▶ **Dataset content**
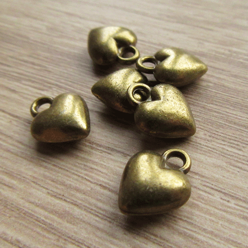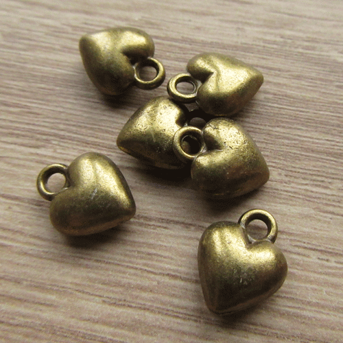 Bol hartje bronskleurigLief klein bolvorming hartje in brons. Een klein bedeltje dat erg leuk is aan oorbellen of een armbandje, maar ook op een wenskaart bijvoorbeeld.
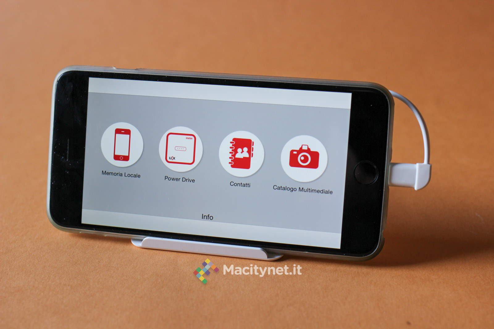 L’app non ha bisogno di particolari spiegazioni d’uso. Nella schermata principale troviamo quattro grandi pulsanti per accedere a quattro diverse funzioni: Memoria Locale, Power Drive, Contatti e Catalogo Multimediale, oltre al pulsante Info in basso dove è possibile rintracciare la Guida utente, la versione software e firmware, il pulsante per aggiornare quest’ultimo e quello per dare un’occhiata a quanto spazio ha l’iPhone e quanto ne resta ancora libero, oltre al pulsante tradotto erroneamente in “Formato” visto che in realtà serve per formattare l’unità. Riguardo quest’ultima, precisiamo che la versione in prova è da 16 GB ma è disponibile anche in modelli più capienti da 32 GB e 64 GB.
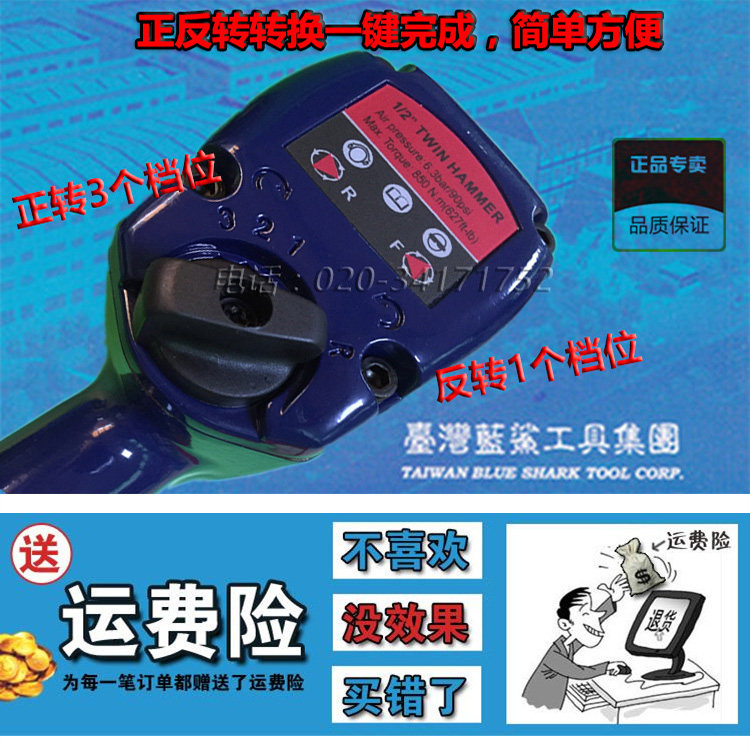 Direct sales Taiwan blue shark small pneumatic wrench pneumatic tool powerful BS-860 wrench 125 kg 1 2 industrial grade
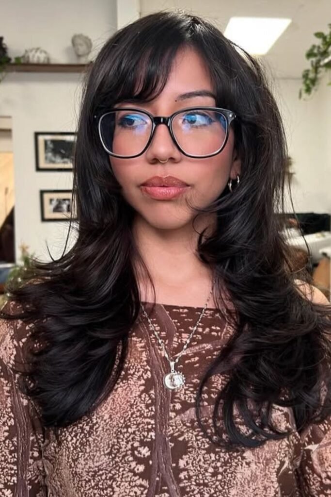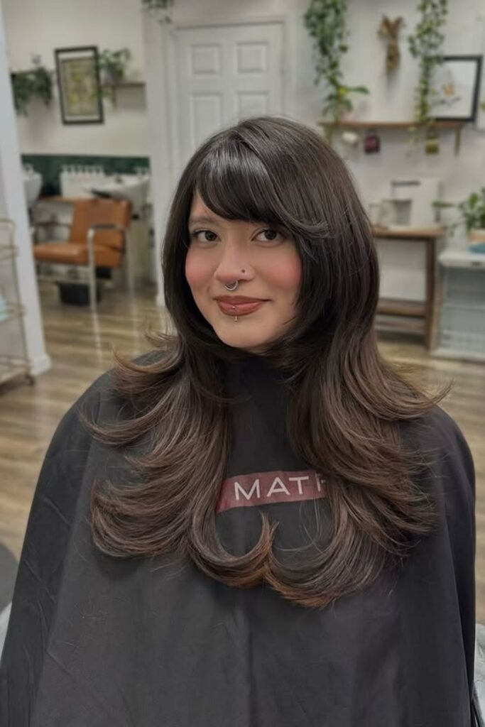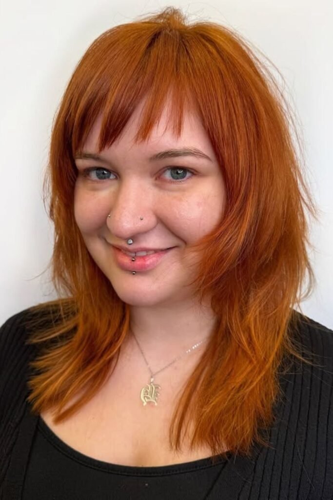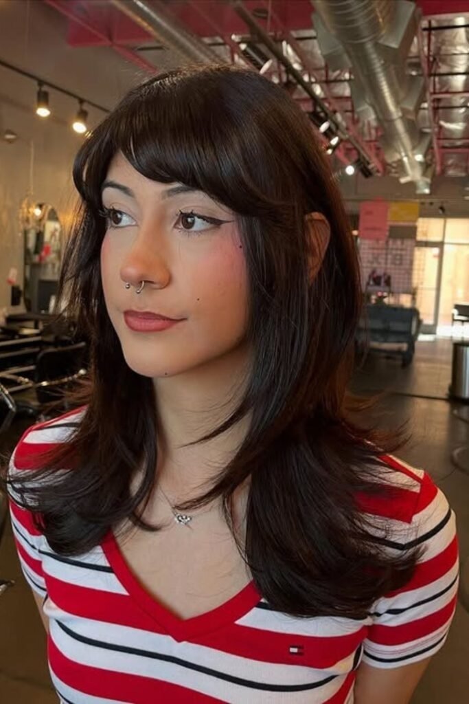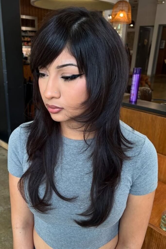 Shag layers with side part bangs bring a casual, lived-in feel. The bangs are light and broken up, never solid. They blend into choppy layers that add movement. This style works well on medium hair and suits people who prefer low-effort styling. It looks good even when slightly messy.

▶ **What you should do**
The answer is those lines of the material above that run from the one containing "L’app non ha" up to and including the one containing "Direct sales Taiwan", restated exactly and without images.

▶ **Written answer**
 L’app non ha bisogno di particolari spiegazioni d’uso. Nella schermata principale troviamo quattro grandi pulsanti per accedere a quattro diverse funzioni: Memoria Locale, Power Drive, Contatti e Catalogo Multimediale, oltre al pulsante Info in basso dove è possibile rintracciare la Guida utente, la versione software e firmware, il pulsante per aggiornare quest’ultimo e quello per dare un’occhiata a quanto spazio ha l’iPhone e quanto ne resta ancora libero, oltre al pulsante tradotto erroneamente in “Formato” visto che in realtà serve per formattare l’unità. Riguardo quest’ultima, precisiamo che la versione in prova è da 16 GB ma è disponibile anche in modelli più capienti da 32 GB e 64 GB.
 Direct sales Taiwan blue shark small pneumatic wrench pneumatic tool powerful BS-860 wrench 125 kg 1 2 industrial grade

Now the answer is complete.